The pleasure comes as one becomes involved in obtaining documentation such as regulatory licenses, insurance, maintenance and training upon ownership. “It encompasses everything from the interior design to the internal machinery and systems,” says Lavigne.
Unlike private jets, which are highly regulated in terms of materials such as stringent requirements for interiors and overall designs, superyachts can be designed from scratch. While one can’t design and build a private jet for S$100 million, but for that amount, you can custom-build a superyacht. This process requires a meeting of minds between the builder and the owner. Yacht owners derive pleasure from participating in the design and construction. For this reason, most superyacht owners find the building period stimulating, a time of explosive creativity.
At the moment, SSA has 24 members and is growing. Lavigne hopes for the association to reach a total membership of 50 by year-end.
Lavigne, who cycles to work daily from home in Pasir Ris to Sentosa, and whose full-time job involves extending the superyacht charter, admits he “sowed lots of time and energy into rebuilding the industry.” SSA is a thriving by-product of his daily work that is bound for the high seas with the mission to propel Singapore into the global yachting arena.

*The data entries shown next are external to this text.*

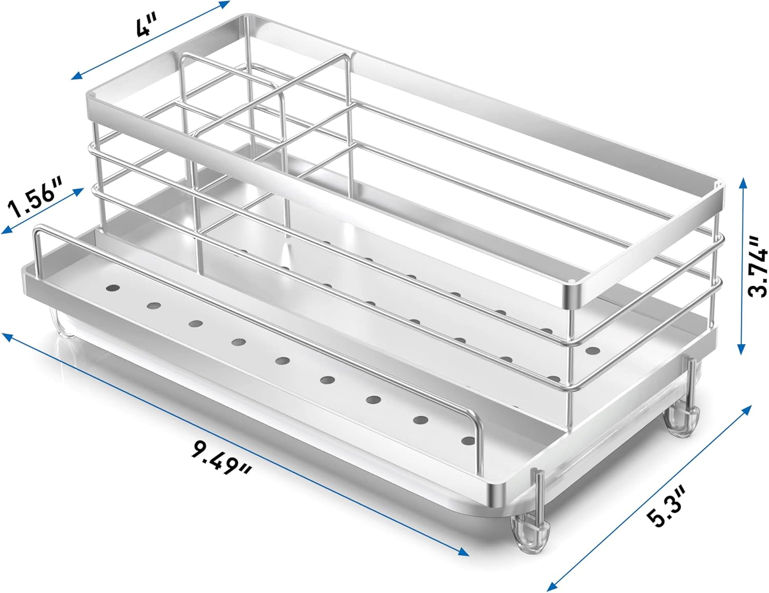 - ăMORE STORAGE SPACE ăCompared to other kitchen sink caddy CISILY sponge holder expands to 5.3 inches wide and 9.49 inches long, enhancing its kitchen organization function, and allowing flexible placement of sponges, dish soap, soap dispensers, brushes, sink plugs and more. Make the most of every inch of space and make your kitchen look cleaner.
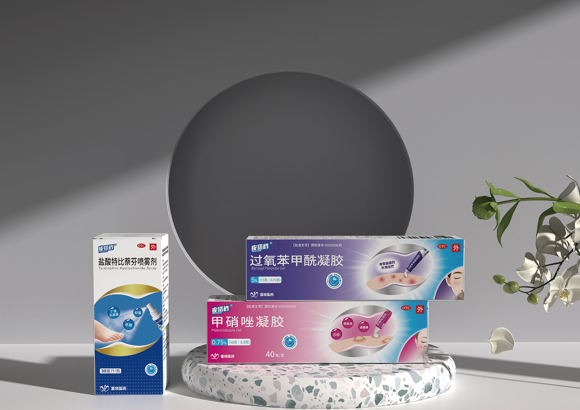 功能差異化與統一性的矛盾:甲硝唑凝膠(祛痘/抗炎)、鹽酸特比萘芬噴霧劑(抗真菌)、過氧苯甲酰凝膠(祛痘/殺菌)分屬不同治療領域,包裝需在統一家族感下,清晰傳遞各自的功能差異。
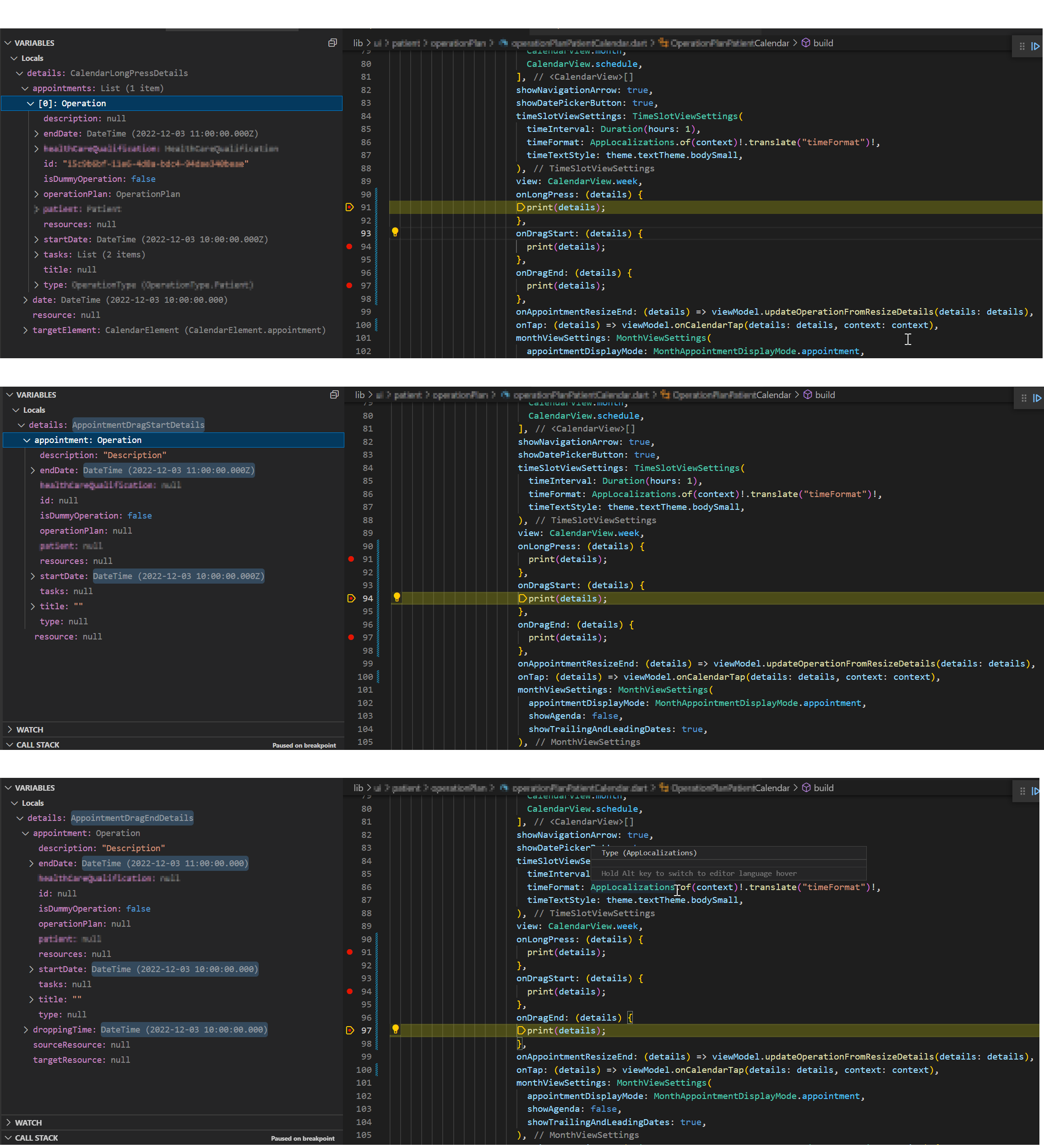 I'm currently implementing Drag&Drop with custom appointments. It appears that within the Drag-Callbacks (onDragStart, onDragUpdate, onDragEnd) the custom arguments of the event-details are null. In the onLongPres event everything works fine (appointment details are available in a List as in all other callbacks).
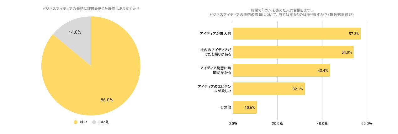 ・「ビジネスアイディアの発想に課題を感じている」が86%。「アイディアが属人的」「社内のアイディアだけだと偏りがある」が原因。
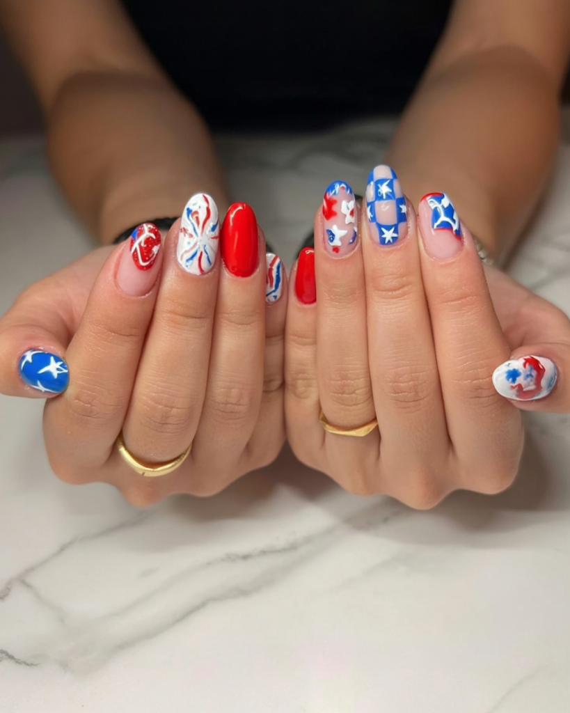 This look redefines the 4th of July french tip trend with elegant red and white swirls paired with a design simple nude base. Paired against deep blue nails splashed with bold white stars, this short square nail type offers the perfect harmony of modern sophistication and patriotic pride. Great for brunches or family BBQs, you can easily match these with a red tank top, high-waisted jeans, and bold hoops.
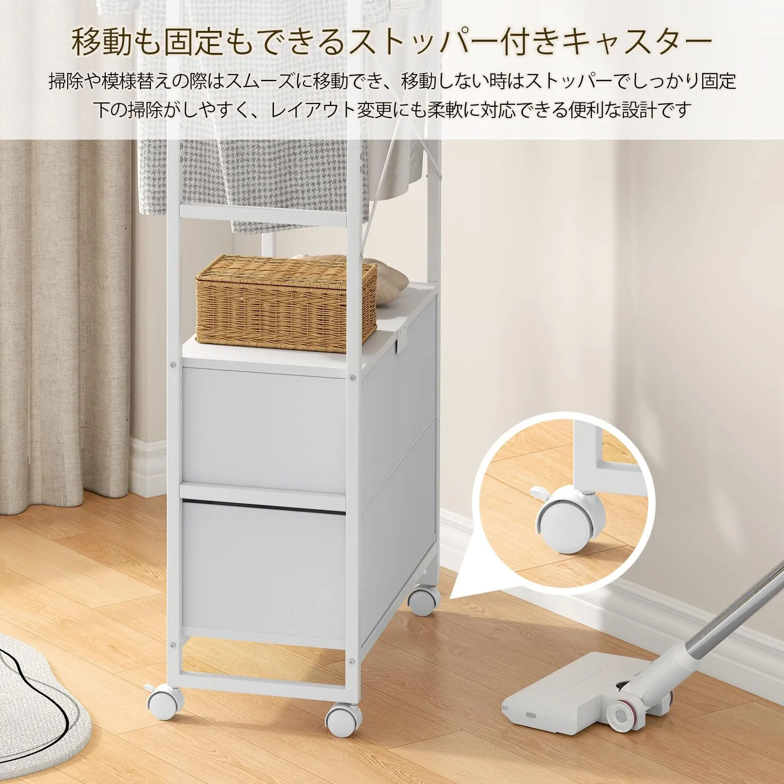 【移動も簡単】キャスター付きで移動ラクラク。ストッパー機能でしっかり固定可能。掃除や模様替えにも便利。

For more information on Superyacht Singapore Association and membership eligibility, log on to http://www.superyacht.sg.
Assuming the role of the executive director in Superyacht Singapore Association was “a God-given opportunity,” says Jean-Jacques Lavigne, 42, a native of Brittany, France.
Lavigne, who has no background in sailing and yachting, first left France to start work in Japan more than a decade ago. After the stint in Japan, he returned to France for a couple of years, before another opportunity brought him back into the Asian region. Then he came to Singapore to set up the regional office for a financial newswire. Through years of financial challenges following the dissolution of his company, the Christian received prophecy after prophecy from church leaders that he would become “a person of influence in the marketplace and be able to influence very important people.” Initially, it was hard to embrace as Lavigne was still stinging from his business failure, but “one step after another step, I ended up in the superyacht business.”
As time passed, he built himself a reliable reputation, which placed him favorably among the movers and shakers of the yachting business. Soon, he was influencing and reaching out to high net worth individuals.
Lavigne’s enthusiasm in participating in community development programs in Indonesia, such as financing primary schools and eradicating poverty in coastal areas through promoting and growing marine-related businesses to the Indonesian government, positions him positively with the authorities. Ultimately, being a representative in the superyacht industry, he hopes to steer SSA toward promoting Singapore as a superyacht destination and a hub to create economic value for Singapore in this industry.
The 42-year-old happily married father of three, shares that “work demands have at times made dealing with fatherhood a challenge.” On top of a busy schedule at work and at the non-profit SSA, commitments in cell group and ministry has limited his family time. But “by going to church together, it really helps a lot,” he says. “When I reach home, I always try to go see the kids, talk to them and kiss them.” Even when they are sound asleep, his children will get a goodnight kiss from Daddy.
Whatever time he can give his wife, Celine, and children, Crystal, Douglas and Ines, he declares, “I will be as fun as possible so that they do not find me too boring!”